The trouble with predictions. . .

Well I was right about a couple of things: Ratatouille did get a Best Original Screenplay nod, as did Juno. and I was right about exactly where the Academy would put Philip Seymour Hoffman –- Best Supporting Actor. His being left out in he Best Actor race is all the more noticeable, since his co-star in The Savages, Laura Linney, was nominated for Best Actress. But an excellent strategy on the part of Academy members, because it gives him a better chance to win – though Javier Bardem is gathering a lot of steam.

Hoffman was Charlie Wilson’s only nomination. Tommy Lee Jones as Best Actor for In the Valley of Elah ended up being the Academy’s nod to the political situation in the fiction feature category. On the other hand, three of the five nominations for Best Documentary feature were about the U.S. involvement in Iraq and Afghanistan: No End in Sight: Taxi to the Dark Side, and Operation Homecoming: Writing the War Experience. Hollywood is determined to make movies about the war, but definitely has trouble making a fiction film on the subject that people want to see.

Ratatouille ended up with five nominations: not only the Best Animated Feature but Best Original Screenplay, Best Original Score, Best Sound, Best Sound Editing. No Best Picture nomination. But most of all, it’s a shame Peter O’Toole wasn’t nominated.

Juno was also a big contender: Best Picture, Best Actress, Best Director, Best Original Screenplay. To make this even sweeter, the nominations for the very popular film that informs its audiences that yes, an unborn baby has fingernails, came on the 35th anniversary of the Supreme Court decisions legalizing abortion, just as hundreds of thousands of people were beginning to march in Washington, D. C. The tide, at least in popular culture, is turning.

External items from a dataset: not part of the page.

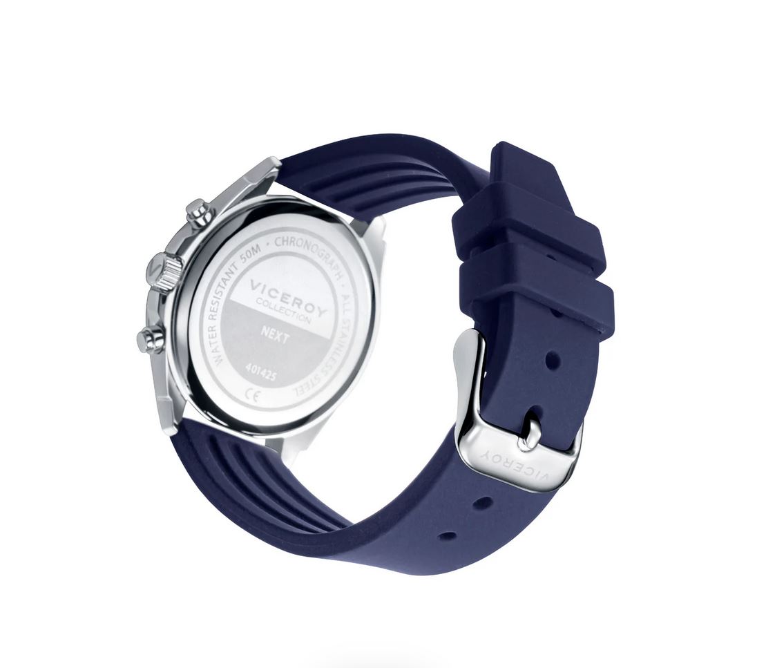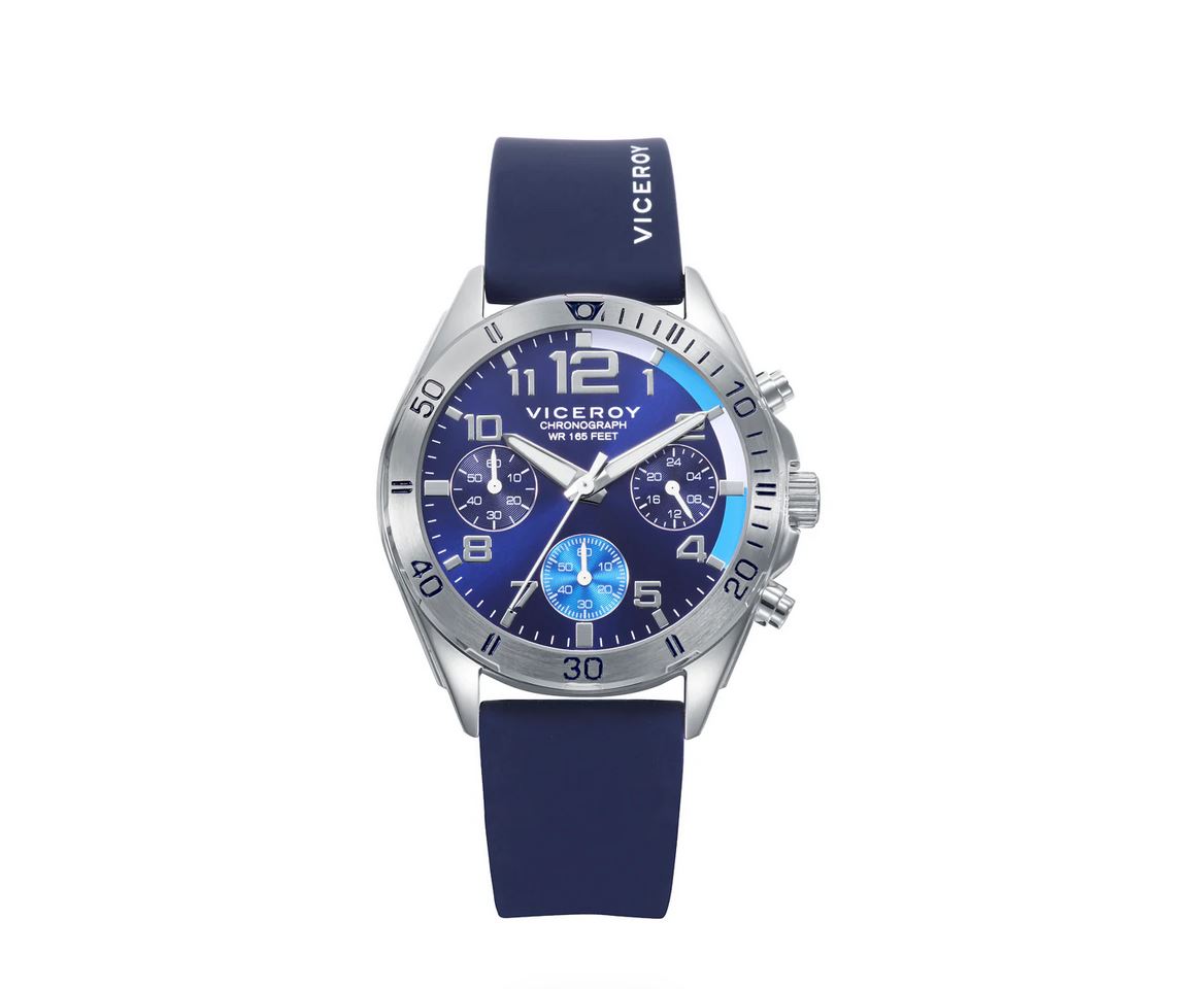 Este reloj de niño con cronógrafo es el regalo ideal para su Primera Comunión, combinando estilo deportivo y elegancia en una pieza especial. Su caja de acero, junto con la cómoda correa de silicona azul, ofrece un diseño robusto y moderno, perfecto para un uso diario lleno de aventuras. Un complemento funcional y lleno de carácter para marcar el tiempo de sus momentos más especiales.
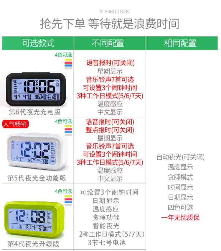 - 3 поколения групповых будильников [светящаяся] Стандартная версия белого 3
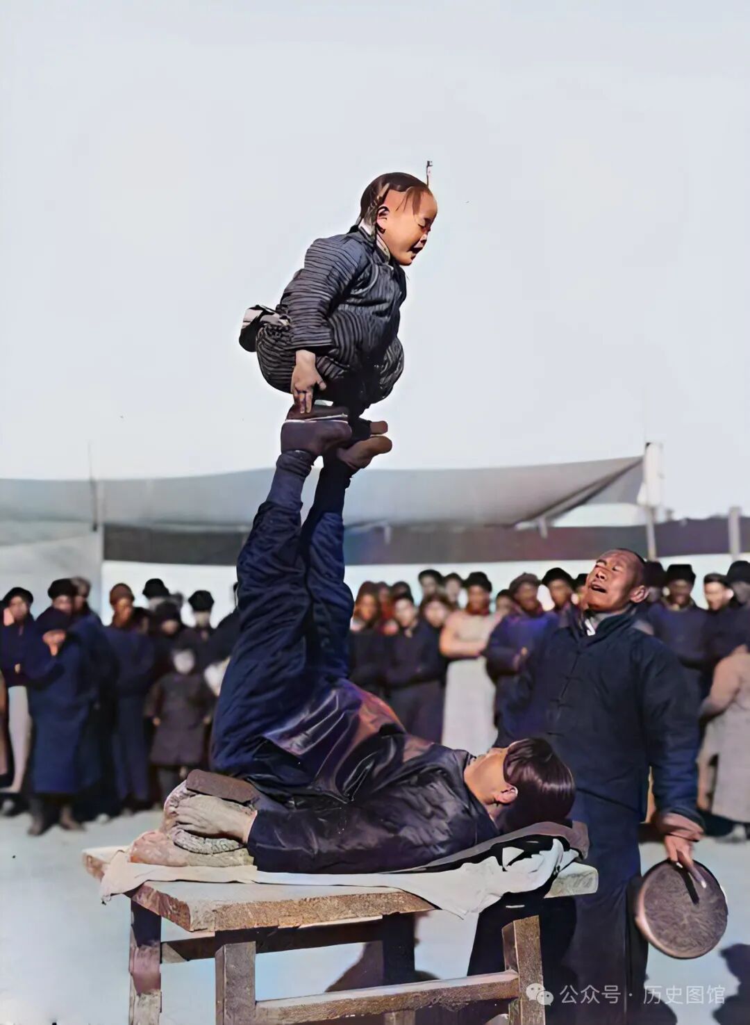 30年代,在义县的庙会上,几名江湖艺人正在表演杂技。一名女子躺在木桌上,双腿朝上,一名孩子站在她的脚上。女子的丈夫站在旁边敲锣,并时刻保护着母女两人做高难度动作。
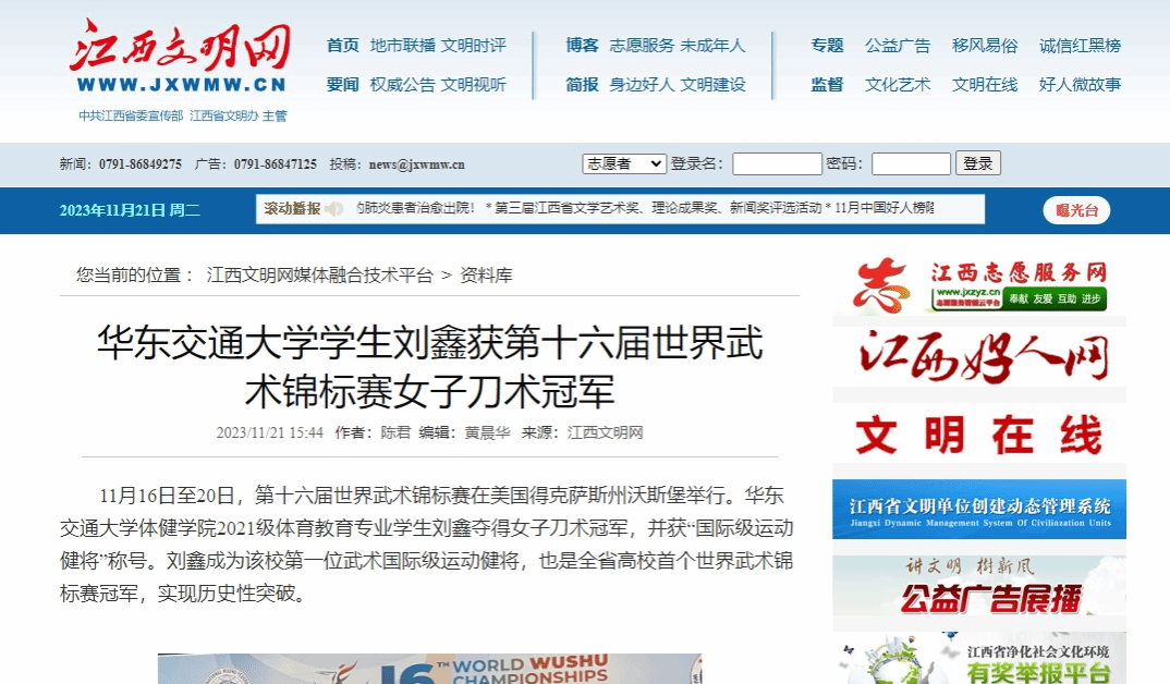 11月16日至20日,第十六届世界武术锦标赛在美国得克萨斯州沃斯堡举行。华东交通大学体健学院2021级体育教育专业学生刘鑫夺得女子刀术冠军,并获“国际级运动健将”称号。刘鑫成为该校第一位武术国际级运动健将,也是全省高校首个世界武术锦标赛冠军,实现历史性突破。
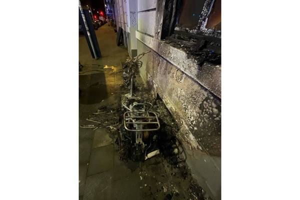 Gegen 4 Uhr war die Polizei wegen des brennenden Kleinkraftrads (ein 50-Kubik-Motorroller) vor einem Mehrfamilienhaus alarmiert worden. Das abgestellte Kleinkraftrad wurde durch den Brand vollkommen zerstört. Das Feuer beschädigte außerdem eine Fensterscheibe und Teile der Fassade des Gebäudes. Menschen wurden nicht verletzt.
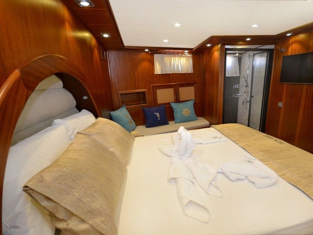 | Die moderne Gulet Arin Deniz ist 26 Meter lang und wurde 2022 gebaut. Sie bietet sechs Kabinen – zwei Master-, zwei Doppel- und zwei Zweibettkabinen – mit Platz für bis zu zwölf Gäste. Jede Kabine ist mit einem privaten Badezimmer ausgestattet und elegant möbliert. Mit einer Breite von 7,30 Metern bietet sie weitläufige Decks mit Sonnenbereichen, schattigen Essplätzen und komfortablen Lounges. Der Salon ist modern gestaltet und verfügt über eine Bar, einen Essbereich und Unterhaltungseinrichtungen. Für Wassersport bietet Arin Deniz ein 40 PS Beiboot, Kanus, Paddleboards und Angelausrüstung. Darüber hinaus stehen Brettspiele und Freizeitaktivitäten zur Verfügung. Angetrieben wird sie von einem 460 PS Motor und einem 28 kVA Generator, mit einer Reisegeschwindigkeit von 11 Knoten. Klimaanlage: bis zu 3 Stunden täglich. Die Arin Deniz ist die perfekte Wahl für Gäste, die modernes Design, Komfort und Entspannung auf einer Blauen Reise kombinieren möchten. |
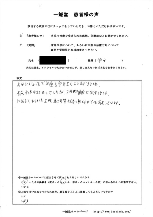 ------------------------------------------ 【体験談】 今回けんしょう炎で治療を受けさせていただきました。鍼自体は初めてでしたが、2回の通院で完治しました。以前よりありました不眠、肩こり等も完全に無くなりとても満足しています。 (本文ママ。) --------------------------------------------------
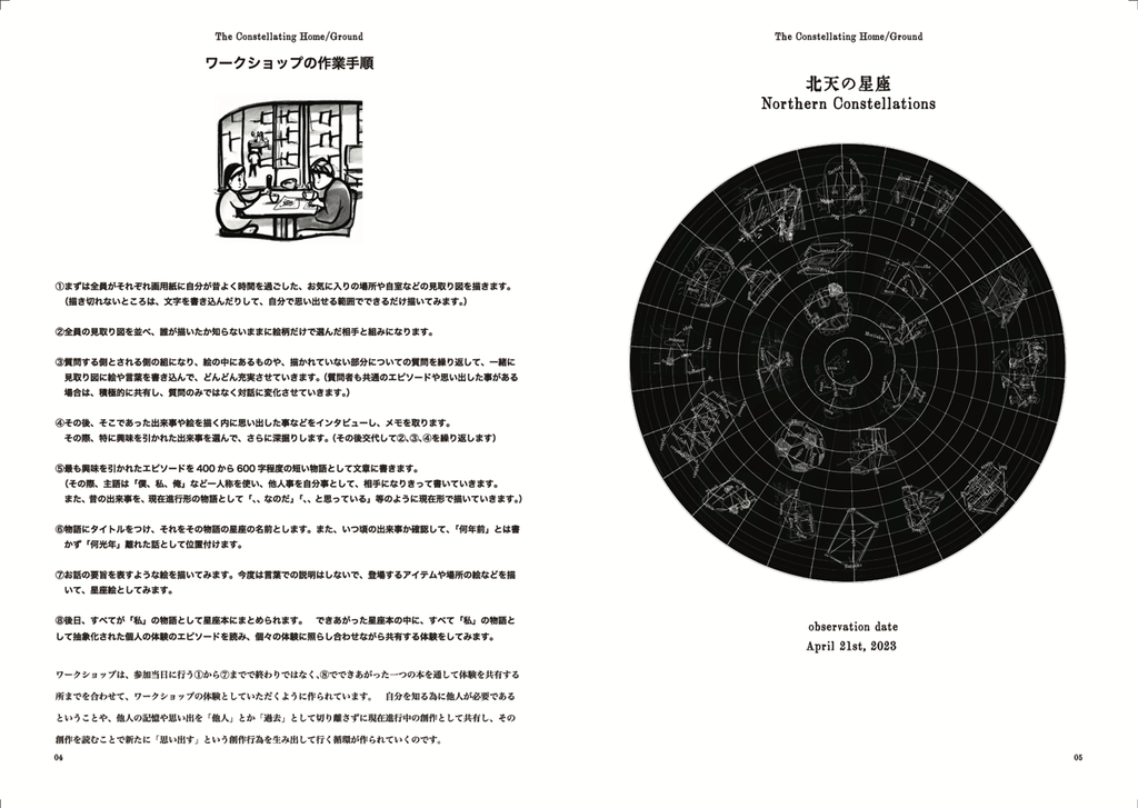 東京大学の教育学部で企業向けにアーティストが考案したワークショップを体験してもらうTACワークショップの講師を務めました。 今回は小さい頃によく時間を過ごした場所や部屋の絵をかいてから、二人組になって話し合いその絵のディティールを充実させるところから始まる。一人で考えても思い出せなかった昔の自分の「普段」を思い出す試み。 会話の中ででてきたエピソードをその人になりかわって自分のお話しとして「物語化」するという長丁場のワークショップ。 参加者の皆様には、お忙しい中熱心に取り組んでいただいて、とても良いワークショップになりました。ここでできあがった物語をあつめた本を編しました。すべて一人称の「私」の物語として抽出された個々のお話で「星座本」を作り、それを読んで記憶を物語として共有するところまでが体験となっています。(2023年.4月)
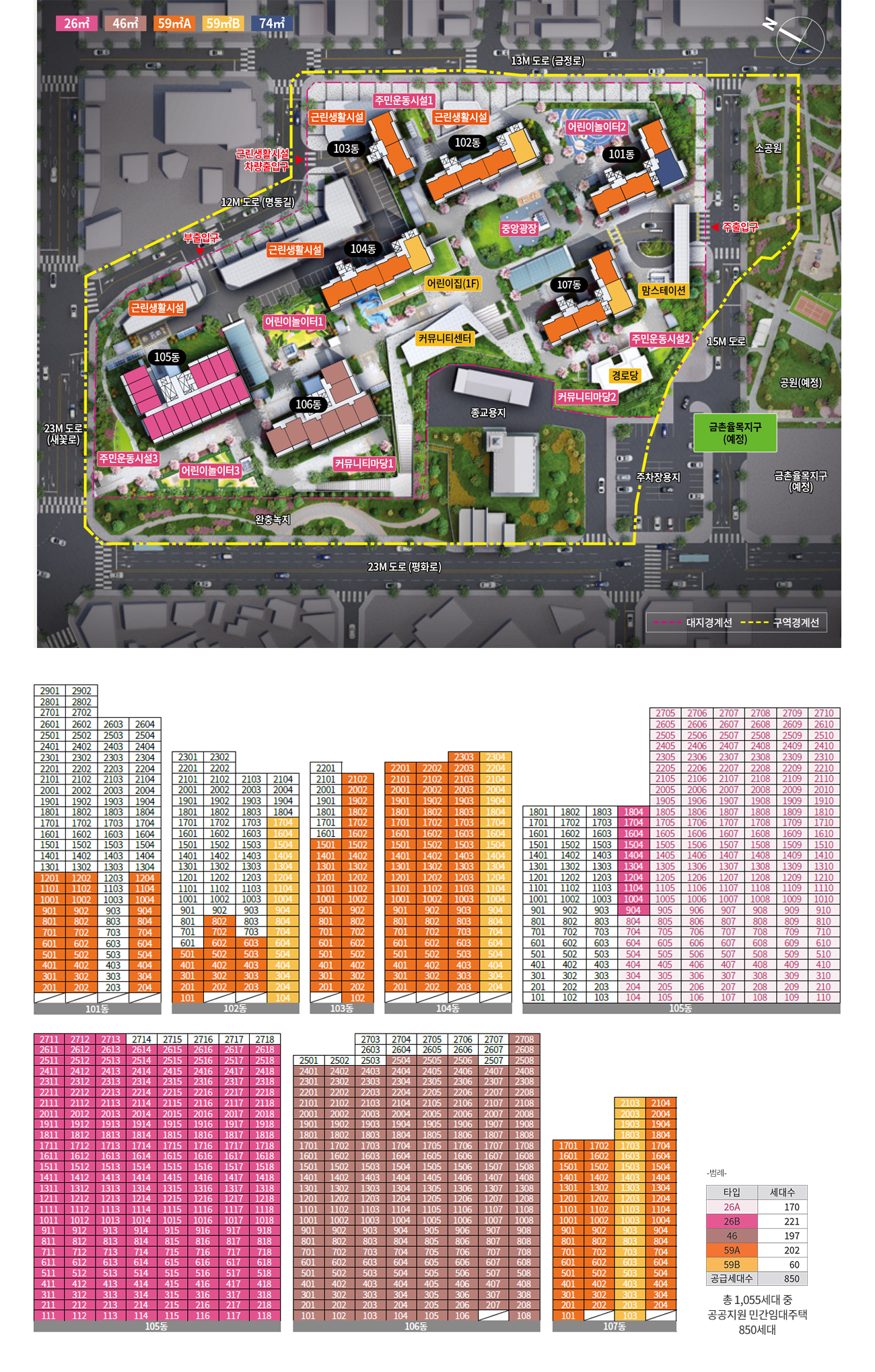 지하 3층~지상 29층, 7개 동, 총 1,055가구 규모로 이 중 약 850가구가 공공지원민간임대로 공급됩니다. 선호도 높은 26~59㎡ 소형 위주 라인업은 1~2인 가구, 신혼, 맞벌이 가정의 실사용성에 맞춰 설계되었습니다. 파주금촌 금호어울림은 남향 위주 배치와 넓은 동간 거리로 채광·프라이버시를 확보하고, 전 세대 지상차 없는 단지 계획으로 보행 안전성을 높였습니다.
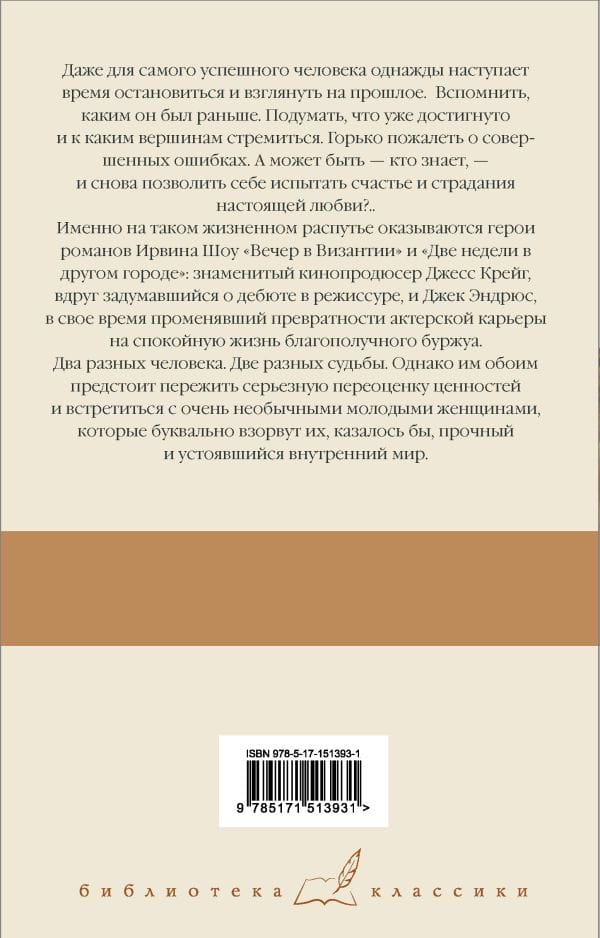 Даже для самого успешного человека однажды наступает время остановиться и взглянуть на прошлое. Вспомнить, каким он был раньше. Подумать, что уже достигнуто и к каким вершинам стремиться. Горько пожалеть о совершенных ошибках. А может быть, — кто знает, — и снова позволить себе испытать счастье и страдания настоящей любви?.. Именно на таком жизненном распутье оказываются герои романов Ирвина Шоу «Вечер в Византии» и «Две недели в другом городе»: знаменитый кинопродюсер Джесс Крейг, вдруг задумавшийся о дебюте в режиссуре, и Джек Эндрюс, в свое время променявший превратности актерской карьеры на спокойную жизнь благополучного буржуа. Два разных человека. Две разных судьбы. Однако им обоим предстоит пережить серьезную переоценку ценностей и встретиться с очень необычными молодыми женщинами, которые буквально взорвут их, казалось бы, прочный и устоявшийся внутренний мир.

There was a very surprising strong show for Michael Clayton – Best Picture, Best Director, Best Actor, Best Original Screenplay and Best Supporting Actor and Actress, which many people probably didn’t see coming. As my screenwriting teacher at Act One, Janet Batchler, always says, “Actors vote for actors.” The Academy loves Clooney, and this film is seen as his passion project: he’s the film’s executive producer. I guess I’m really going to have to watch it now.

No clear front runner at all. It could be a wide open race. A very strange mood right now in Hollywood, grim stories onscreen (all the main contenders except Juno are on the very serious side) and glitz withdrawal from the writers’ strike offscreen. It will be interesting to see how it all plays out.

But the writers and producers seem to be talking again, so there is renewed hope we’ll actually see an Oscar ceremony this year. I’m really ready, since I missed last ceremony while I was in Italy filming the St. Elizabeth documentary.

A final note: I spent a lot of time yesterday working, and as I was listening to the Oscar news, I learned from TV about the death of actor Heath Ledger, who was only 28. His sorrowing fans over on imdb.com are calling him “the James Dean of our generation.” I didn’t think Brokeback Mountain was at all as good a film as critics were saying, but Ledger was clearly a very talented young actor. May God welcome him to heaven and bless his family.